I use PHP as Apache2 module. Is there any chance to "store" the MySQL session in shared memory, so that the following HTTP requests can use the existing MySQL session instead of starting a new one? So that I can use prepared statements across different HTTP requests?

halfer
  • 19,824
  • 17
  • 99
  • 186
McJoey
  • 2,388
  • 1
  • 12
  • 7
  • 1
    "run a hundret to thousand times per second" -- care to expand. Not the usual web app –  May 09 '15 at 22:26
  • 1
    You seem to be really focusing on sharing/caching the compiled queries across sessions but this is only going to increase performance if your bottleneck is due to compilation rather than I/O. Is indexing and caching out of the question here? Why are your queries running 1000 times per second? I think we need to know more about your actual problem to help. – Phil May 09 '15 at 22:51
  • use memcache. it always save your life. – hakki May 10 '15 at 00:01
  • 1
    @lcjury that's absolutely incorrect, unless you are using queries with derived tables, which create implicit temporary tables. An ordinary inner or outer join (or even several in the same query) does no such thing. – Michael - sqlbot May 10 '15 at 03:20
  • Stores procedures *are* precompiled, in a sense, but not at declaration time. The first run of a given procedure by a given session is when this occurs. – Michael - sqlbot May 10 '15 at 03:23
  • There are _far too many_ answers to this question. Please provide a small number of SQL statements for us to make suggestions about. – Rick James May 11 '15 at 00:27
  • @RickJames: please excuse my bad english and if my question was too unclear. I'm quite experienced in writing highly optimized sql queries. My question was related to the overhead each/any query causes to the underlying interfaces and the mysql query optimizer itself and how this overhead can be reduced. MySQL offers some features to optimze the query overhead within the actual session, what makes sense if you have many queries in one session. But not with a lot of sessions and always the same query per session. – McJoey May 11 '15 at 01:34
  • @Michael-sqlbot: I already make use of persistent connections and PDO/mysqlnd, it seems (and I also read it somewhere) that the state of each session remains unchanged after php script completion. So this procedure should already be compiled if such a connection will be re-used. Is there any way how to prove this? – McJoey May 11 '15 at 01:47
  • http://dev.mysql.com/doc/internals/en/sp-cache-sp.html ... one somewhat roundabout way to prove this: If you run a procedure, then, in a different thread, alter a table used by that procedure in certain ways, the procedure will fail on subsequent executions until you either disconnect/reconnect, or flush the table. – Michael - sqlbot May 11 '15 at 01:58

3 Answers3

3

Q: Is there a way to "re-use" a MySQL connection so that a subsequent request can make use an existing connection?

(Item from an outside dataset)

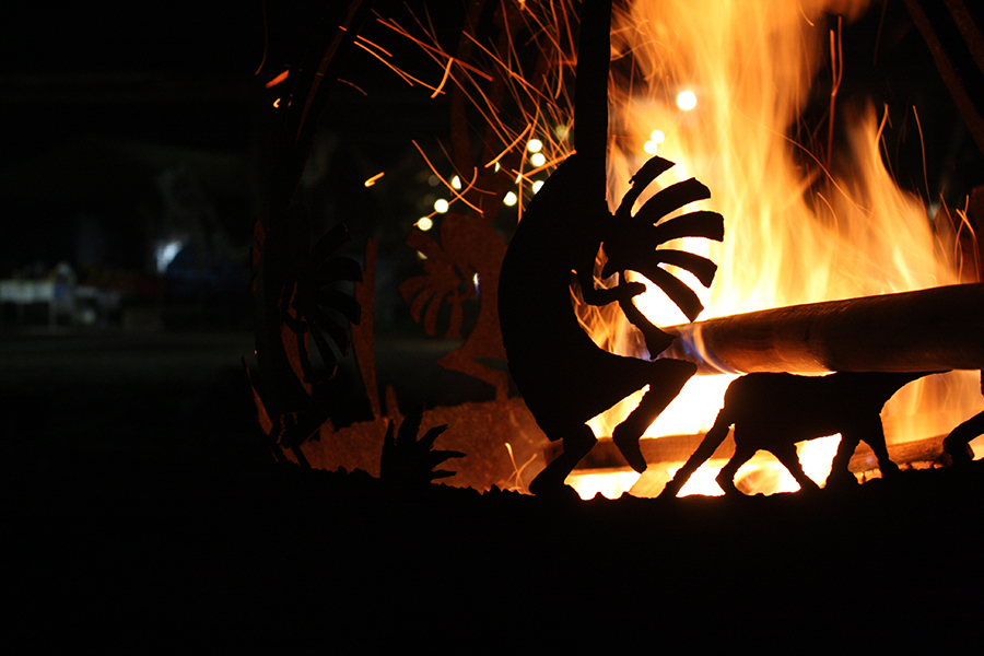 焚き火マイスター猪野正哉さんプロデュースによる焚き火。焚き火台のフチにかたどられたシルエットが影絵劇のワンシーンのよう

A: Yes. You can use a connection pool implementation. This is a familiar pattern with Java, with several implementations available.

For a connection pool implementation in PHP, you can use the PHP extension mysqldnd-ms.

Reference: http://php.net/manual/en/mysqlnd-ms.pooling.php

NOTE: I don't have personal experience with this PHP extension.


Some of the other questions you asked...

Q: How can I minimize the overhead for execution? Is there any way to precompile a query so that mysql does not need to analyze, optimize and compile the query each single time?

A: In MySQL 5.6, you can use server side prepared statements. The execution plan for the prepared statement is cached in the session, so a repeated call to the same SQL statement can re-use the previously prepared execution plan. (This feature is not available in MySQL versions before 5.6.)

Reducing the amount of "connection churning** will reduce MySQL overhead. Connecting and disconnecting from the database server is work that the server has to do. It's simple enough to test and compare performance. In one process, open a connection, and do some repeated work (repeated execute a simple statement, like SELECT NOW(), and then disconnect. In another process, run the same repeated executions of the SELECT, but connect and disconnect for each execution.

Q: Are prepared statements being cached across different session?

A: No. Statements are cached at the statement session level.

Q: Is the any way to share client-sessions in mysql, e.g. to use prepared statements in the first session inherited by the following sessions?

A: No. The only way you're going to get that to happen is to not disconnect from the database, and pass the handle of that session to a subsequent client that requests a connection. And we get that to happen by implementing a connection pool.


spencer7593
  • 106,611
  • 15
  • 112
  • 140
  • Thank you very much, this is exactly what I wanted to know. However, I don't really understand why server side prepared statements are being cached in the session instead globally, so a true advantage is only given in combination with persistent connections. Anyway, that really sounds promising, as well as the connection pooling. Thanks again! – McJoey May 11 '15 at 01:58
0

I would say that one of the best practices to do that is to avoid Queries and functions based on O(n) time. In order to be able to perfom well under high load data, all the queries must be in O(1) extra time. What that actually means is, not matter how many data you are fetching, the query will always require the same time. (Linear Equation)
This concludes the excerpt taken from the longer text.